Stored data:
++++++++
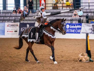 Ms. Jean and Mo-Mo performed a 5 minute routine to the music from the movie "A Knight's Tale." Mo-Mo learned to carry Ms. Jean in a full suit of armor, performed movement on cue to music and learned to joust (with fake lances) to finish the performance. Mo-Mo placed 6th in the nation in his 2020 class of Freestyle at the Thoroughbred Makeover.
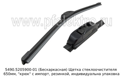 Щетка стеклоочистителя 650мм, "крюк" с импорт, резинкой, индивидуальна упаковка
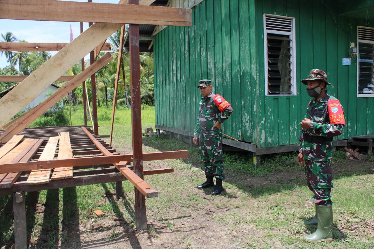 20 pasukan dibantu warga setempat bekerja sama memasang puing – puing papan yang menjadi bahan dasar. Kali ini, pihaknya membuat pagar untuk jembatan.
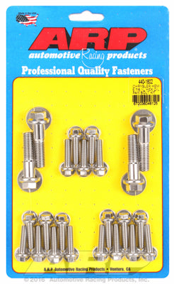 The engineers at ARP spent quite a bit of time developing these highly effective, unique oil pan studs. They’re designed to make it as easy as possible to install a pan and seal it properly. You’ll note that the studs have a radiused bullet nose that serves to locate the pan rails, then allow the nuts to be easily installed without the worry of cross-threading. For those who prefer bolts, ARP’s got you covered, too. Both are available in black oxide finished chrome moly steel or polished ARP Stainless. Also, you may choose betweenconventional hex style or the space-saving 12-point nuts. The stud kits come complete with a special locking flanged nut, while the bolt kits come with washers.
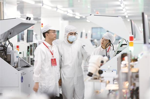 四川省南充市顺庆区纪委监委聚焦党中央关于发展新质生产力的重大决策部署,紧盯惠企政策落实等重点环节加强政治监督。图为该区纪检监察干部(左一、右一)在一家企业的智能制造基地了解政策落地等情况。黎涛 摄
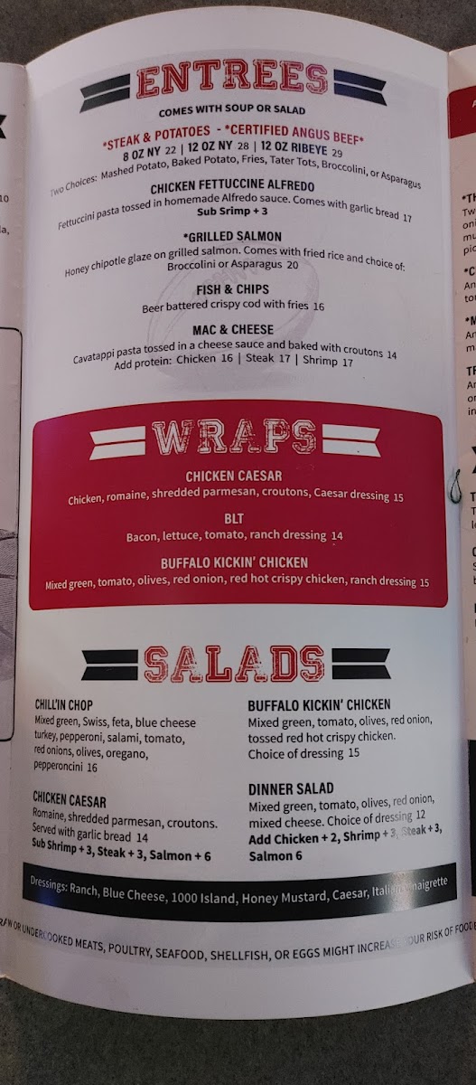 Wraps and sandwiches feature choices like Chicken Caesar, BLT, Buffalo Kickin' Chicken wraps, the Clubhouse sandwich, and the Smokey BBQ Pulled Pork Sandwich. These options provide convenient, handheld meals suitable for a quick lunch or casual dinner.
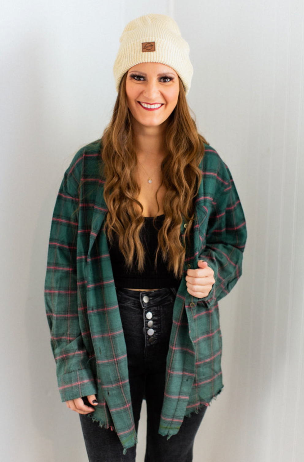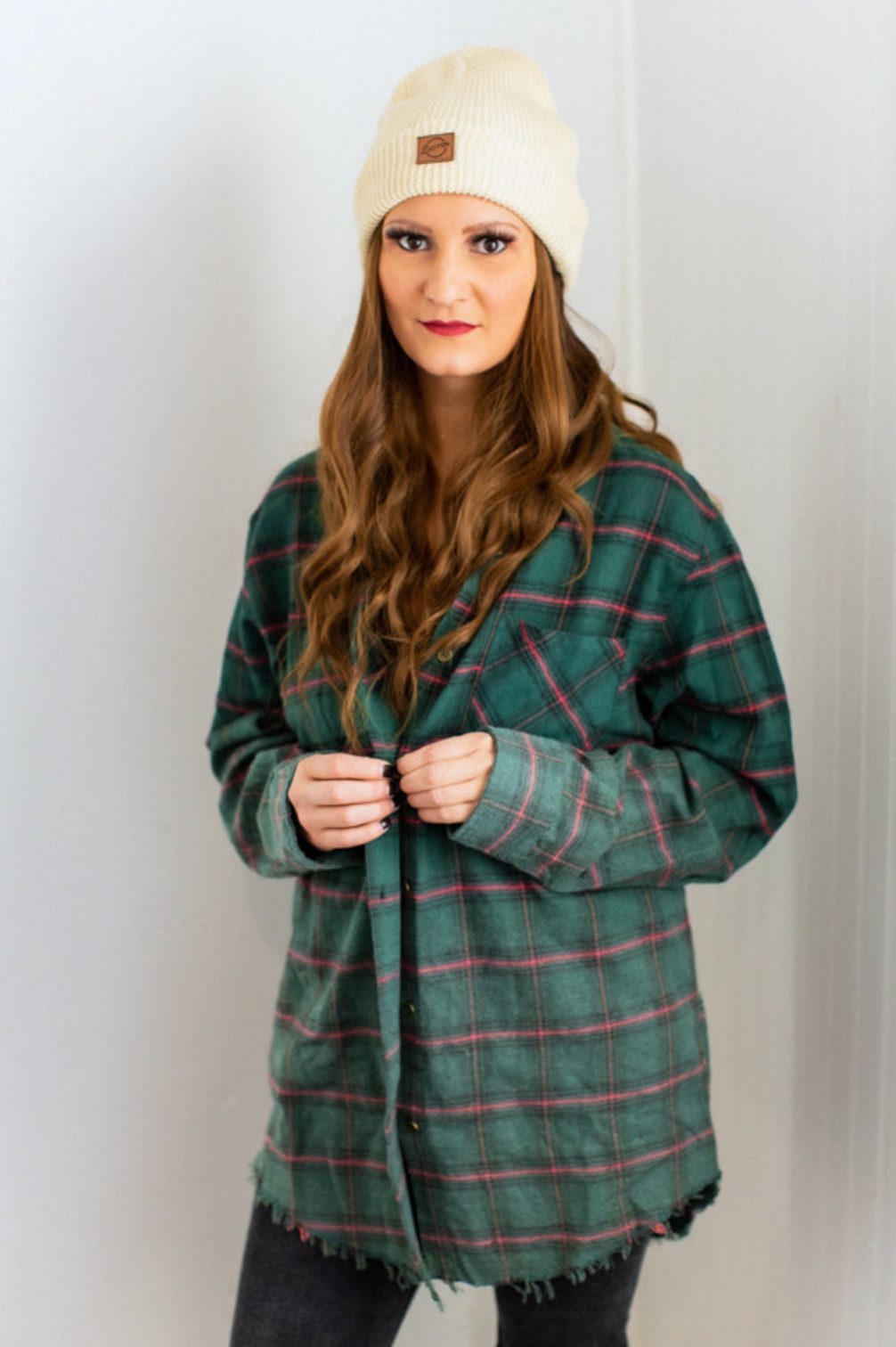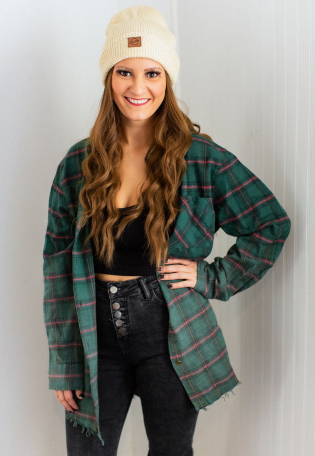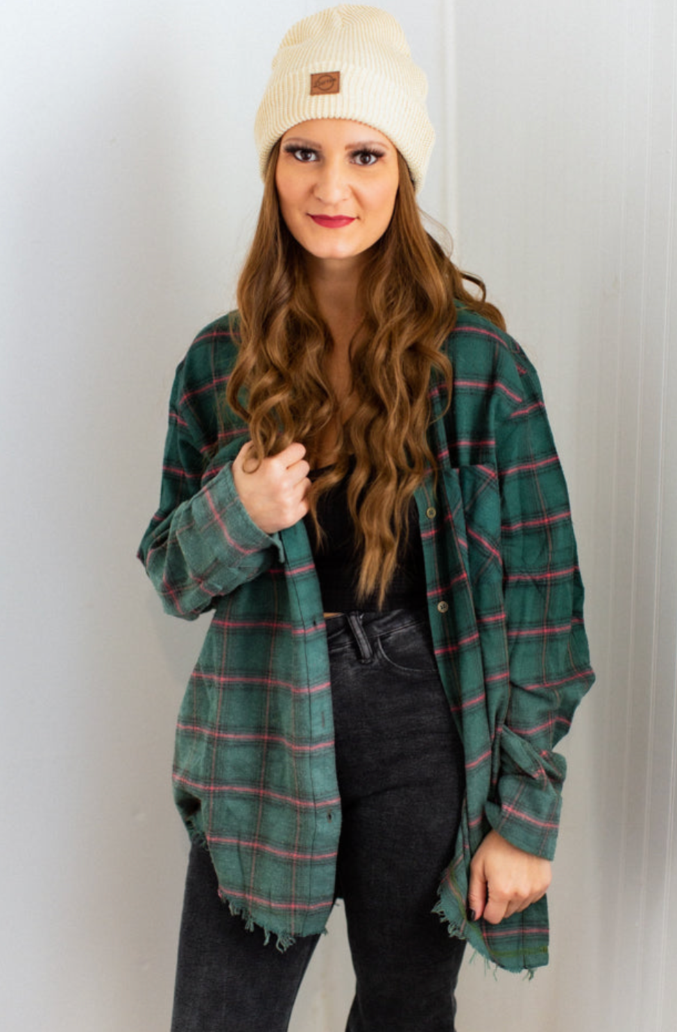 Gus Green Raw Edge Two Tone Plaid Shirt
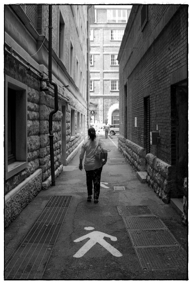 ...A cui si aggiunge quello del cartello in fondo al vicolo. Una zona pedonale che diventa un corridoio prospettico, scandito da un ottimo b/n.  |
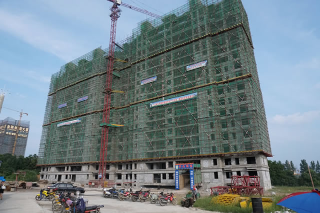在松江花园项目现场,上百名施工人员在炎炎烈日下挥洒着汗水,奋战在工地。该项目主要服务于稻谷溪湿地公园双征安置,总投资约4500万元,目前1号至5号楼的主体工程建设已全面铺开,预计今年底完成主体结构,2018年2月主体封顶。
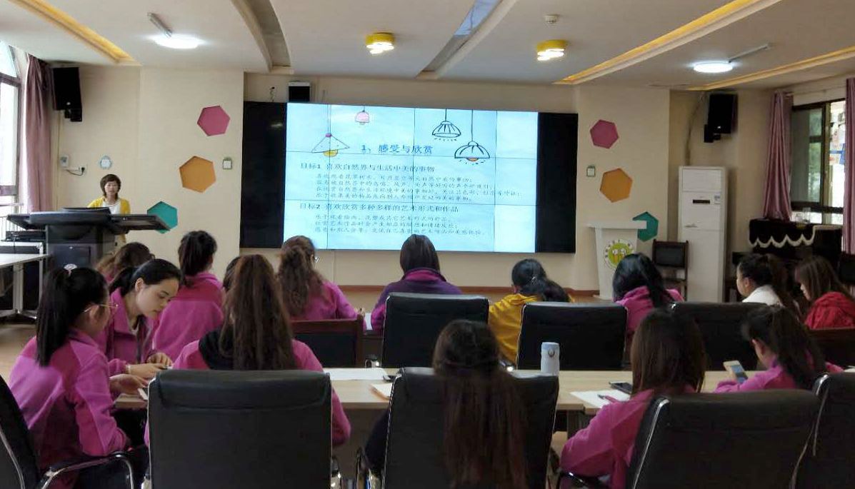 此次培训主要包含幼儿园美术活动该遵循的基本原理;幼儿园美术教育活动开展的形式;幼儿美术教育活动种类;幼儿美术教育活动注意事项等内容。申利丽教师首先对《3-6岁儿童学习与发展指南》中“艺术”领域进行了简单的解读,同时详细讲解了“感受与欣赏”、“表现与创造”在美术活动方面的指导建议。其次,申利丽教师详细列举了多种“幼儿美术绘画方式 ”与“幼儿园美术教育活动开展的形式”。再次,列举了“幼儿美术绘画载体”,并逐一讲解使用方法和注意事项。然后,在以上基础上引出“幼儿美术绘画工具、颜料 ” ,什么样的工具搭配什么样的材料和载体,申利丽老师都做了详细讲解。最后,申利丽老师将近两年到各大优秀幼儿园观摩到的美术类活动进行了分享,按照小班、中班、大班的顺序依次进行。
++++++++
Requirement:
Starting at the first line of the records and stopping after the line with "20 pasukan dibantu", copy each line exactly; pictures stay out.

Response to the exercise:
 Ms. Jean and Mo-Mo performed a 5 minute routine to the music from the movie "A Knight's Tale." Mo-Mo learned to carry Ms. Jean in a full suit of armor, performed movement on cue to music and learned to joust (with fake lances) to finish the performance. Mo-Mo placed 6th in the nation in his 2020 class of Freestyle at the Thoroughbred Makeover.
 Щетка стеклоочистителя 650мм, "крюк" с импорт, резинкой, индивидуальна упаковка
 20 pasukan dibantu warga setempat bekerja sama memasang puing – puing papan yang menjadi bahan dasar. Kali ini, pihaknya membuat pagar untuk jembatan.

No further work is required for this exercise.